Psychological black magic, the illegitimate use of subtle forces, is an unseen influence of particular interest. This blog is full of examples of and references to it. I have learned what to look out for over the years, and I have recently seen some material in Carole Angier's biography Jean Rhys: Life and Work that suggests to me that psychological black magic was at work in Jean Rhys's life.
This article covers a small coincidence involving names that reminds me of something similar in the life of Charlotte Brontë, with whose work Jean Rhys was very familiar.
First, some basic information.
Jean Rhys and Jane Eyre
Jean Rhys read Jane Eyre as a girl in Dominica. It made such an impression that decades later she wrote a prequel in the form of Wide Sargasso Sea, her most admired and commercially successful novel.
I suspect that her imagination was particularly stirred when she read that Mr Rochester's wife also came from the British West Indies – Mr Rochester brought Bertha Mason home to England from Jamaica.
I also suspect that Jean Rhys wished that an English gentleman, someone similar to the romantic Mr. Rochester, would do the same for her!
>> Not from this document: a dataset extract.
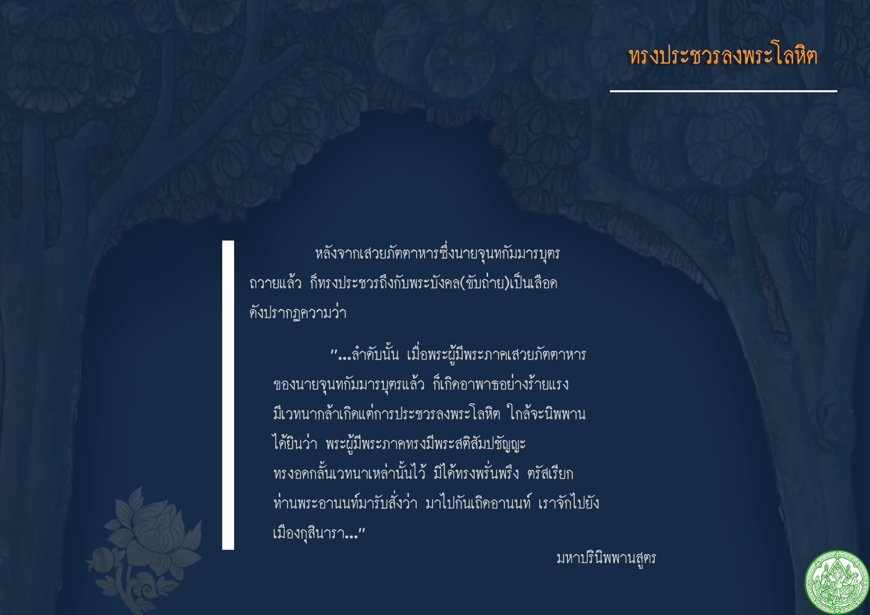 ก็เกิดอาพาธอย่างร้ายแรง มีเวทนากล้าเกิดแต่การประชวรลงพระโลหิต ใกล้จะนิพพาน ได้ยินว่า พระผู้มีพระภาคทรงมีพระสติสัมปชัญญะ ทรงอดกลั้นเวทนาเหล่านั้นไว้ มิได้ทรงพรั่นพรึง ตรัสเรียกท่านพระอานนท์มารับสั่งว่า มาไปกันเถิดอานนท์ เราจักไปยังเมืองกุสินารา...”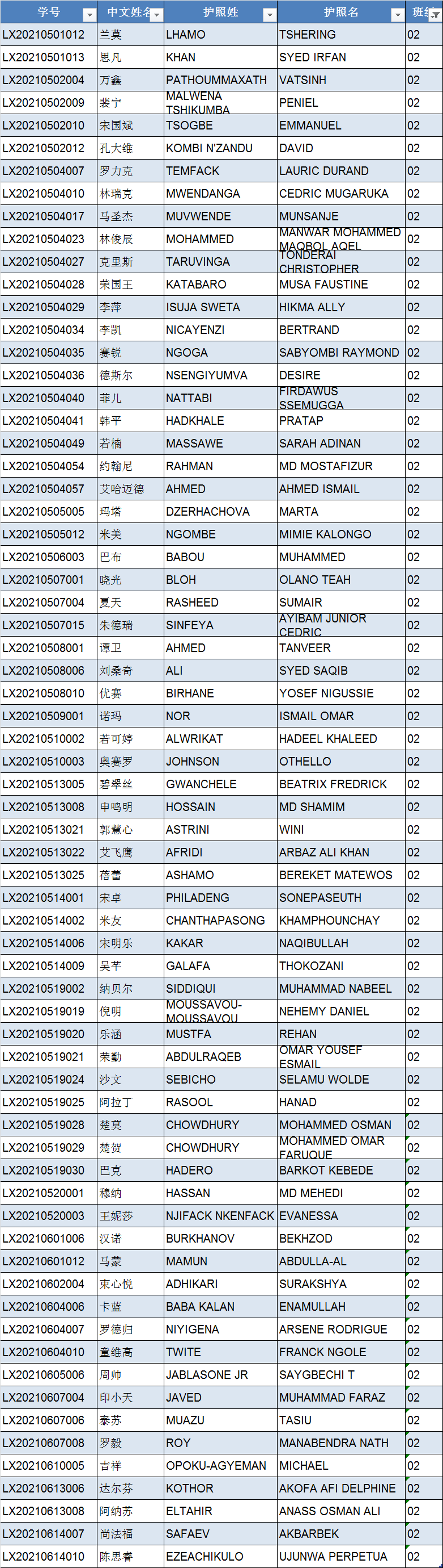 1) Class 01 refers to Chinese Language (2015LXS01-01) and Introduction to China (2015LXS03-01), including the doctoral students, senior scholars and general scholars of 2021.

He would rescue her; he would take her away from her unsatisfactory life.
She was sent away from Dominica to school in England in 1907, the year of her 17th birthday. She hoped to find a feeling of belonging there. She may also have hoped to meet the English gentleman of her dreams there. As Mr Rochester says to Jane Eyre:
“...the mountain will never be brought to Mahomet, so all you can do is to aid Mahomet to go to the mountain...”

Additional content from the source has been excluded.